> **EXERCISE GOAL**:
From the entries below, print exactly the span beginning with the line holding "当地时间2015年9月18日" and ending with the line holding "Сумка женская, 2", endpoints included, and skip any pictures.

> **SOURCE DATA**:
•••••

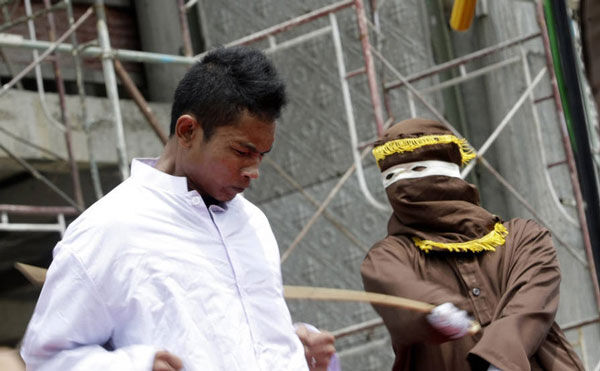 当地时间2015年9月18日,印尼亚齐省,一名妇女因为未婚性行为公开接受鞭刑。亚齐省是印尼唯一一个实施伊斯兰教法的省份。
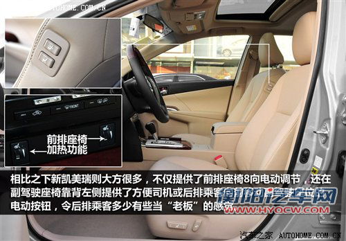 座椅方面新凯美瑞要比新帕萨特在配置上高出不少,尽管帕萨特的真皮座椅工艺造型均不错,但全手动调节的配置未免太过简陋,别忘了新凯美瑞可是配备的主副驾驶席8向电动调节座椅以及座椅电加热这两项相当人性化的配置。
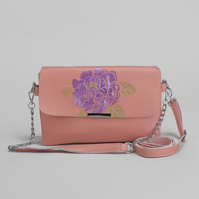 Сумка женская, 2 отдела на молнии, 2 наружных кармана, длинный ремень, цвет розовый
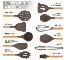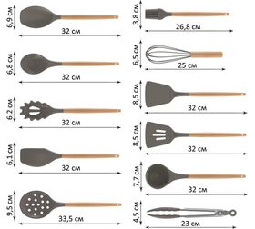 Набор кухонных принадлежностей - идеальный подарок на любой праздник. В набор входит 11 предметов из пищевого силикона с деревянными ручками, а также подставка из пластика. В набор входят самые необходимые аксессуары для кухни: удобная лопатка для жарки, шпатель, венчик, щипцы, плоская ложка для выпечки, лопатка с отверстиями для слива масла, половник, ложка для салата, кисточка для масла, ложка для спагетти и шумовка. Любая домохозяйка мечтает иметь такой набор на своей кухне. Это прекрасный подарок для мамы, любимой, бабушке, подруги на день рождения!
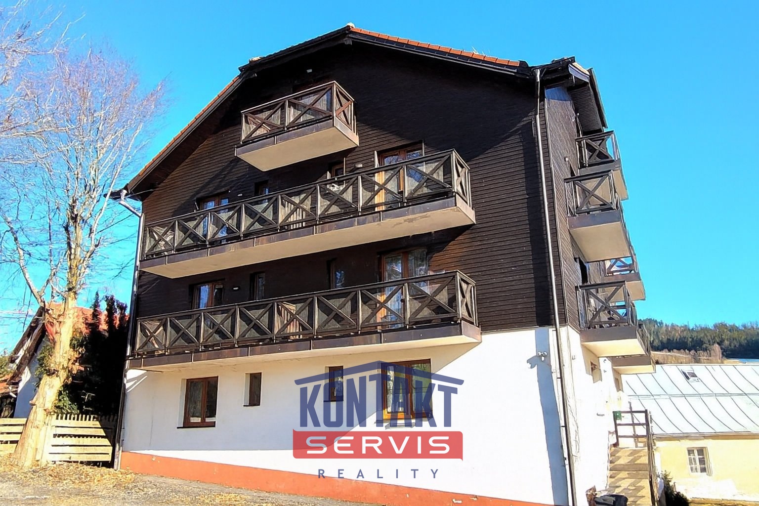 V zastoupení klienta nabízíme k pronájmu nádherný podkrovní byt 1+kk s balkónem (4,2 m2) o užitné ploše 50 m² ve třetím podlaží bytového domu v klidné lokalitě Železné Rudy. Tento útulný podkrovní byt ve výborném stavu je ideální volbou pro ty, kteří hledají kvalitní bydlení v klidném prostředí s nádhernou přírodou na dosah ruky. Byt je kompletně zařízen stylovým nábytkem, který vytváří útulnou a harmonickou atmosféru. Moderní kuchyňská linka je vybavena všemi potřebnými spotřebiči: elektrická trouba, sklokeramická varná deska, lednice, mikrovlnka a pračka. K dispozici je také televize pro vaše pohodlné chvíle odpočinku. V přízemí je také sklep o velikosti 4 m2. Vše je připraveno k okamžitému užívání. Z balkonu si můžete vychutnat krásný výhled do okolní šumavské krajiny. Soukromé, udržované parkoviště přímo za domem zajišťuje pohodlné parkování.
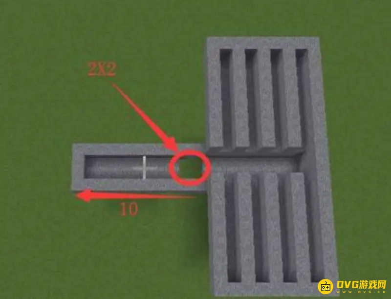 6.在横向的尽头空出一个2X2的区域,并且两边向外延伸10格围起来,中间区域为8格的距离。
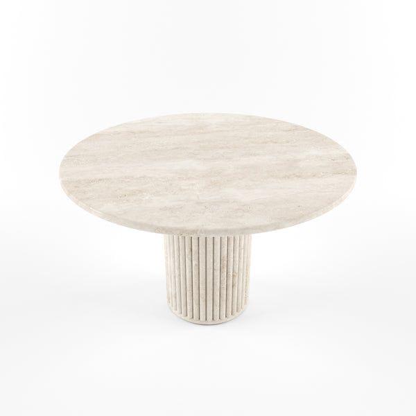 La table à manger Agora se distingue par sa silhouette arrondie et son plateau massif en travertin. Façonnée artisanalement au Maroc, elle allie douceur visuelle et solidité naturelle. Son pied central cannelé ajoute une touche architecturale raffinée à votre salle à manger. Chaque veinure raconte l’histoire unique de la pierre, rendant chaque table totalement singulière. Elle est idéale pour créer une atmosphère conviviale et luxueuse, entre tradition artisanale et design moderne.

•••••

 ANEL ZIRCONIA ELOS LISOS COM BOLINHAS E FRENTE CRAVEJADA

•••••

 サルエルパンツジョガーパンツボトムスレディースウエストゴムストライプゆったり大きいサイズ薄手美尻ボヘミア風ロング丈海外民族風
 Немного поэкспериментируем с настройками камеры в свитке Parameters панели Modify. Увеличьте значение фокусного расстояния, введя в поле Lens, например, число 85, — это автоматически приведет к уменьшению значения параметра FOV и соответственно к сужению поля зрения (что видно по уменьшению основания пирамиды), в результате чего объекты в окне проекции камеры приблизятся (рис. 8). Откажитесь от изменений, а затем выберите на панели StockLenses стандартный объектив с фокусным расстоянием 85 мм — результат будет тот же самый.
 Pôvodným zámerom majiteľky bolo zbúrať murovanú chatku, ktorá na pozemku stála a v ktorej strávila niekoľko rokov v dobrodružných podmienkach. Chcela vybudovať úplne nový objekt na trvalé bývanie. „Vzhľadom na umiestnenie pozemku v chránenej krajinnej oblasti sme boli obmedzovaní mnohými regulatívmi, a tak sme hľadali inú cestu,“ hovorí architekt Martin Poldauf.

•••••

> **ANSWER BELOW**:
 当地时间2015年9月18日,印尼亚齐省,一名妇女因为未婚性行为公开接受鞭刑。亚齐省是印尼唯一一个实施伊斯兰教法的省份。
 座椅方面新凯美瑞要比新帕萨特在配置上高出不少,尽管帕萨特的真皮座椅工艺造型均不错,但全手动调节的配置未免太过简陋,别忘了新凯美瑞可是配备的主副驾驶席8向电动调节座椅以及座椅电加热这两项相当人性化的配置。
 Сумка женская, 2 отдела на молнии, 2 наружных кармана, длинный ремень, цвет розовый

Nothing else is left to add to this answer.